Attention à un piège comptable propre à l'astreinte : la numérotation. Les documents doivent suivre une séquence continue par année, sans trou ni doublon. Quand on facture à 23 h sur un carnet, puis le lundi sur l'ordinateur du bureau, les séquences se télescopent. Un seul outil, un seul compteur.
Erreurs fréquentes
- Annoncer « intervention 24/7 » sur son site sans avoir organisé le roulement derrière.
- Appliquer une majoration jamais annoncée : litige quasi assuré.
- Partir sans avoir demandé si le robinet d'arrêt général a été coupé.
- Facturer le dépannage d'urgence au tarif de journée « parce que le client râlait ».
- Rédiger la facture une semaine après, de mémoire, sans relevé d'heures.
- Tenir deux numérotations en parallèle (carnet papier du week-end + logiciel).
- Ne pas noter l'heure d'arrivée et de départ : impossible à défendre en cas de contestation.
Checklist astreinte
- ☐ Plages d'astreinte définies et affichées (site, répondeur, Google Business)
- ☐ Grille de tri des appels : urgence réelle / différable / faux urgent
- ☐ Tarifs urgence écrits : forfait déplacement + horaire majoré
- ☐ Script téléphonique annonçant le tarif avant tout déplacement
- ☐ Devis court signable sur mobile, avec fourchette
- ☐ Stock d'urgence dans le camion (raccords, joints, siphons, vanne d'arrêt)

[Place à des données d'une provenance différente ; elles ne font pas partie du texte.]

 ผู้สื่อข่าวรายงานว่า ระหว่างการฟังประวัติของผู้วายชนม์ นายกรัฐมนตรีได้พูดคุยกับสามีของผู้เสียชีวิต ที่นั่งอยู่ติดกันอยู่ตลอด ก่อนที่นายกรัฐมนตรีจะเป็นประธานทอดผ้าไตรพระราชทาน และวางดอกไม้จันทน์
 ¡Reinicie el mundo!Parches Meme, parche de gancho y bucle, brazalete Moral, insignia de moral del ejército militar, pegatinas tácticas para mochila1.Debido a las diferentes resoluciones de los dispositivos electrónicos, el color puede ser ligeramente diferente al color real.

- ☐ Relevé d'heures arrivée / départ systématique
- ☐ Facture émise sous 24 h, numérotation unique
- ☐ Roulement salarié cadré avec le comptable si vous avez une équipe
Comment Vokeo aide
Vokeo est pensé pour ce moment précis : 22 h, dans un couloir, une lampe frontale sur la tête. Vous dictez vos lignes à la voix — l'IA les rapproche de votre bibliothèque de prestations (elle ne fixe jamais un prix à votre place : les tarifs restent les vôtres, ceux que vous avez enregistrés ou dictés). Vous créez un devis court avec vos lignes « urgence » préenregistrées, le client signe sur l'écran, et une fois le dépannage terminé la conversion en facture recopie les lignes du devis dans un document figé. La TVA se règle ligne par ligne, ce qui compte quand une intervention mélange fourniture et main-d'œuvre. Et la numérotation reste séquentielle, que vous facturiez un mardi matin ou un dimanche à minuit.

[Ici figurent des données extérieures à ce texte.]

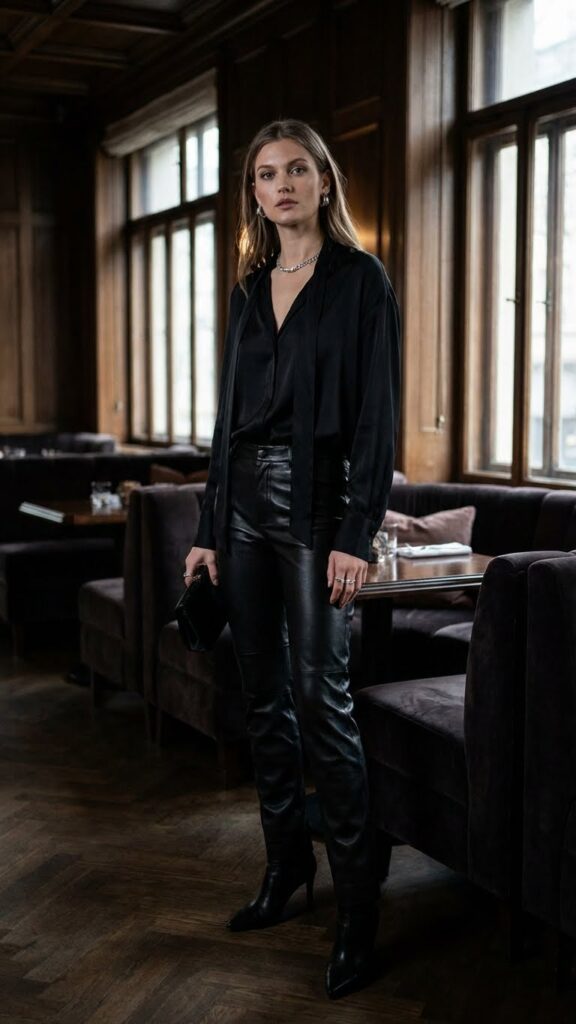 A flowy, romantic blouse tucked into high waisted leather trousers creates this gorgeous tension between tough and soft. Think puff sleeves, a subtle ruffle, or even a simple silk cami. Keep accessories minimal and let the outfit do the talking.

Facturez l'urgence avant de rentrer
Devis signé sur place, facture émise depuis le camion. 19 €/mois.
Essayer VokeoQuestions fréquentes
Peut-on facturer une majoration pour une intervention de nuit ou un dimanche ?

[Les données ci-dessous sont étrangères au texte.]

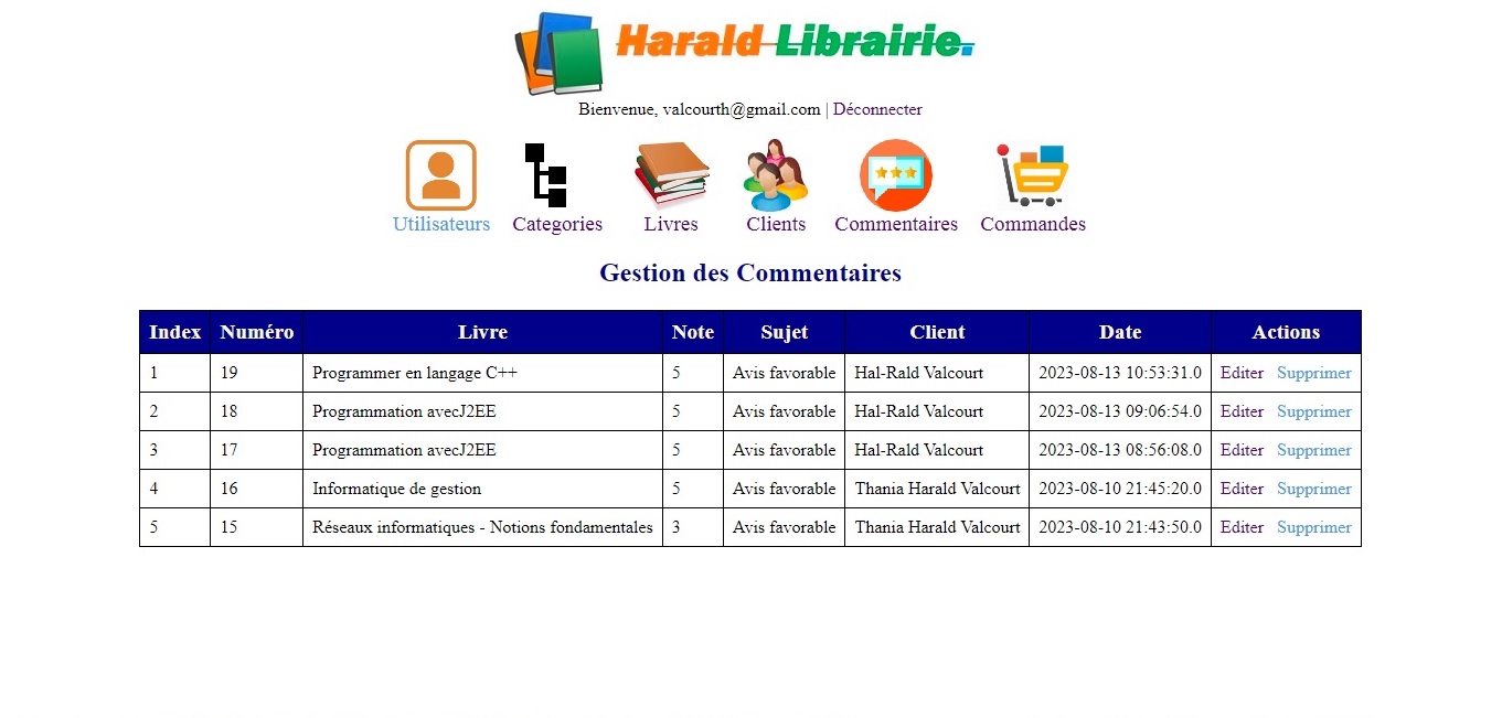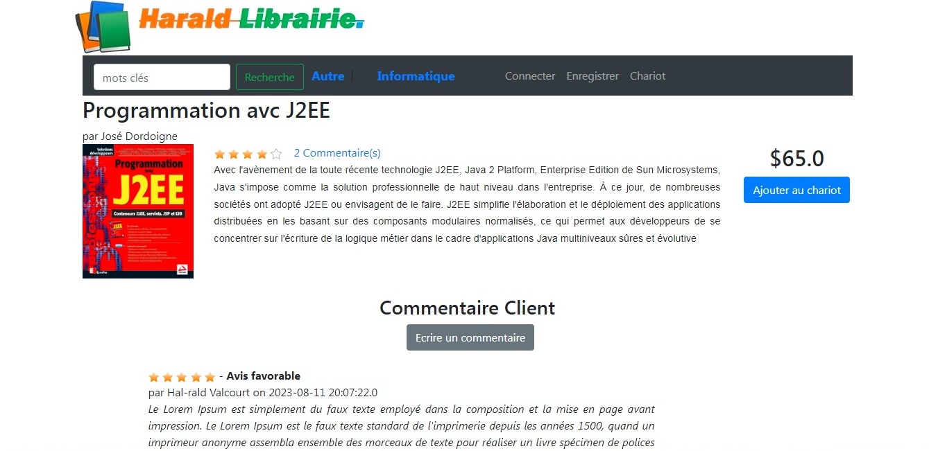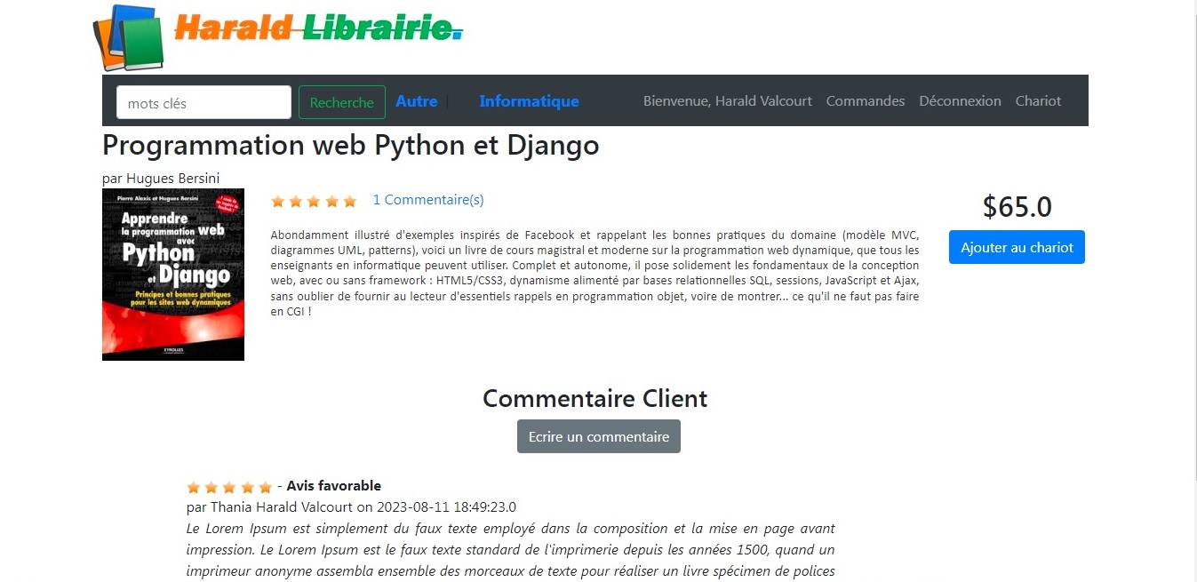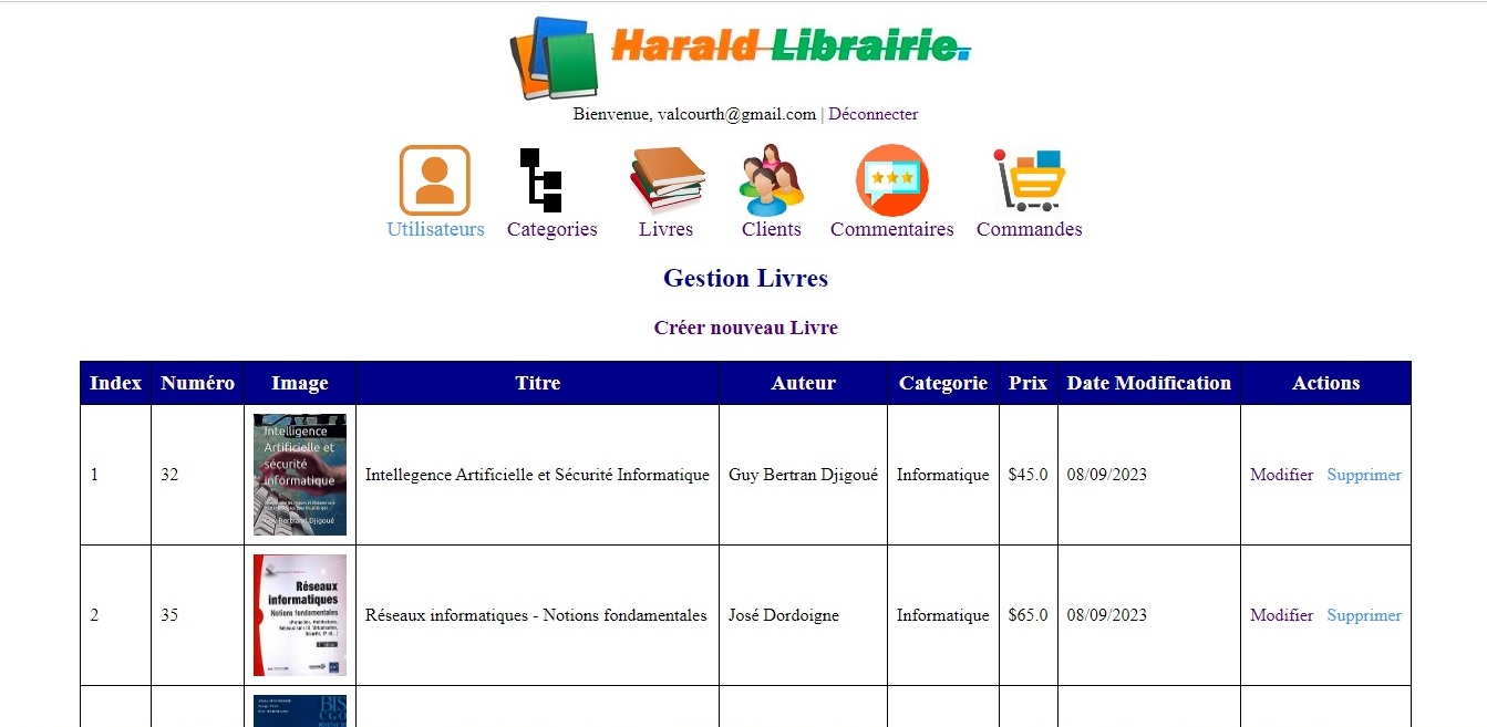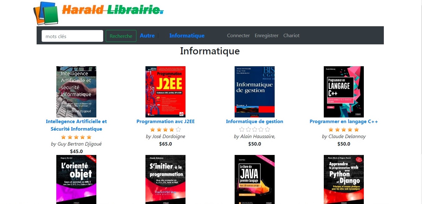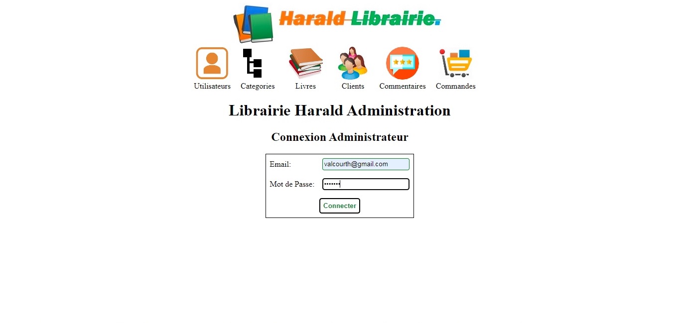 Cette application web permet à un utilisateur quelconque d'accéder aux informations relatives aux livres disponibles sur la librairie fictive en ligne: LibrairieHarald. Il peut les afficher en fonction de leur catégorie et accéder aux détails relatifs à chaque livre. Après inscription sur le site, il pourra ajouter des livres dans son chariot et enfin placer une commande. La commande en question sera alors livrée à l'adresse indiquée et le paiement se fera par cash au moment de la livraison. Cette application offre aussi une interface d'administration permettant à un employé de s'authentifier pour pouvoir gérer les utilisateurs, les clients, les livres, les catégories de livres, les commandes et les commentaires postés par les clients.

Dans la plupart des cas oui, à condition que la majoration soit annoncée avant l'intervention : affichage des prix, information au téléphone, puis reprise sur le devis ou l'ordre de réparation signé sur place. Une majoration découverte sur la facture est la première source de litige. Les obligations d'information tarifaire dépendent de votre situation : vérifiez sur service-public.fr ou auprès de la CAPEB.
Faut-il un devis pour un dépannage en urgence ?
Selon la situation, un écrit signé avant travaux reste la meilleure protection, même en urgence. En pratique, beaucoup de plombiers font signer sur place un devis court sur mobile, avec une fourchette pour la partie non visible, puis établissent la facture définitive après intervention. Les seuils et obligations exacts sont à vérifier sur service-public.fr.
Comment rémunérer un salarié d'astreinte ?
L'astreinte et le temps d'intervention ne se traitent généralement pas de la même façon, et les contreparties dépendent souvent de la convention collective du bâtiment applicable. C'est un point à cadrer avec votre comptable ou un conseil en droit social avant de mettre en place un roulement, pas à improviser.